Антибиотики относятся к вторичным метаболитам – низкомолекулярным соединениям, не требующиеся для выживания клеток и образующиеся по завершении фазы их роста, т.е. в идиофазе, благодаря чему их еще называют идиолитами. Биологическая роль антибиотиков обозначаются ролью в обеспечении конкурентного существования в среде обитания, путем подавления жизнедеятельности других групп микробов.
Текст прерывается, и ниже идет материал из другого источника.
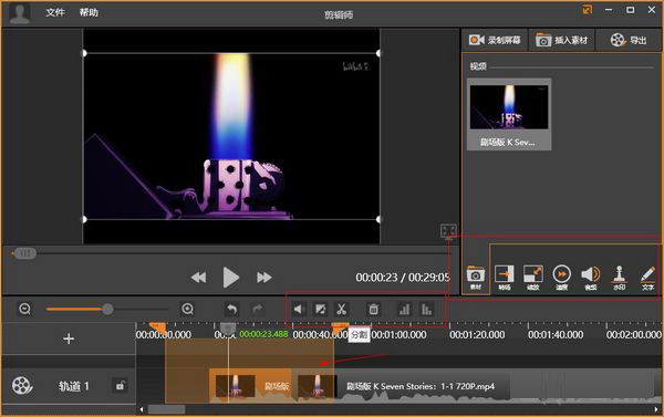 5、最后我们就可以通过时间轴上方的工具,对视频进行剪切,分割等处理。

Антибиотические вещества продуцируют в основном различные группы почвенных микроорганизмов, относящиеся к актиномицетам, бактериям, мицелиальным грибам. Это сапрофиты, аэробы, гетеротрофы. Среди почвенных анаэробов, ацетоно-бутиловых, дисульфатирующих, пропионовокислых бактерий редко встречаются антибиотикопродуценты, поскольку конкурентная среда анаэробами создаётся путём накопления метаболитов брожения: бутанола, пропионовой, уксусной кислоты, этанола, а также за счёт продукции сульфидов, сероводорода и др. Продуценты антибиотиков отсутствуют и среди уксусно-кислых, тиоловых, метилотрофных бактерий. Эти аэробы как бы вне конкуренции, так как окружающие микроорганизмы не используют их специфический субстрат либо не могут существовать в сильно кислых условиях, которые они создают.
Доминирующее положение среди продуцентов антибиотиков занимают актиномицеты. Известно более 4000 антибиотиков, продуцируемых этой группой микроорганизмов. Только один вид актиномицетов Str. griseus продуцирует около 50 антибиотических соединений.
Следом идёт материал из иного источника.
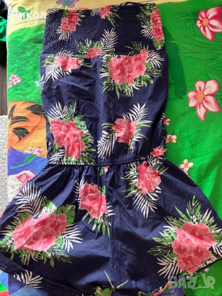 Дамски къс гащеризон от плат. Летен

Известно более 1000 антибиотиков бактериального происхождения, продуцируемые почвенными, спорообразующими бактериями из рода Bacillus. Мицелиальные грибы являются продуцентами беталактамных антибиотиков - пенициллина и цефалоспорина, а также их полусинтетических производных. Основные продуценты грибы родов Penicillium, Cephalosporium (Acremonium).
Антибиотики, синтезируемые актиномицетами подразделяются на: тетрациклины (хлор-, окситетрациклины и их производные (доксициклин, метациклин) - Str. rimosus, Str. aureofaciens); аминогликозиды (стрептомицин - Str. griseus, неомицин - Str. fradiae; канамицин - Str. kanamyceticus и др.); макролиды (эритромицин - Str. (saccharopolyspora) erythraeus, олеандомицин - Str. antibioticus); ароматические соединения (хлорамфеникол - Str. venezuelae); полиеновые (амфотеррицин В, нистатин - Str. neurasei); рифамицины(рифамицин - Str. (Nocardia) mediterranei); антрациклины и противоопухолевые(блеомицин - Str. verticillius).
Тетрациклины, аминогликозиды, макролиды и ароматические соединения ингибируют трансляцию белка на рибосомах прокариот. Полиеновые антибиотики нарушают проницаемость цитоплазматической мембраны возбудителей лейкозов. Рифамицины ингибируют РНК - полимеразу бактерий. Антрациклины нарушают репликацию ДНК.
Бактерии продуцируют антибиотики пептидной природы: Bacillus brevis -грамицидин С, Bacillus polymyxa - полимиксин В, Bacillus licheniformis - бацитрацины. Пептидные антибиотики нарушают проницаемость цитоплазматической мембраны прокариот.
Мицелиальные грибы, продуцируют беталактамные антибиотики и их производные, ингибирующие синтез пептидогликана -компонента клеточных стенок грамотрицательных и ,особенно, грамположительных микроорганизмов: пенициллины (пенициллин и их полусинтетические производные, P. chrysogenum, P. notatum); цефалоспорины (цефалоспорин С и производные С.chrysogenum, С.acremonium); цефамицины (цефамицин С, цефоксин и др.).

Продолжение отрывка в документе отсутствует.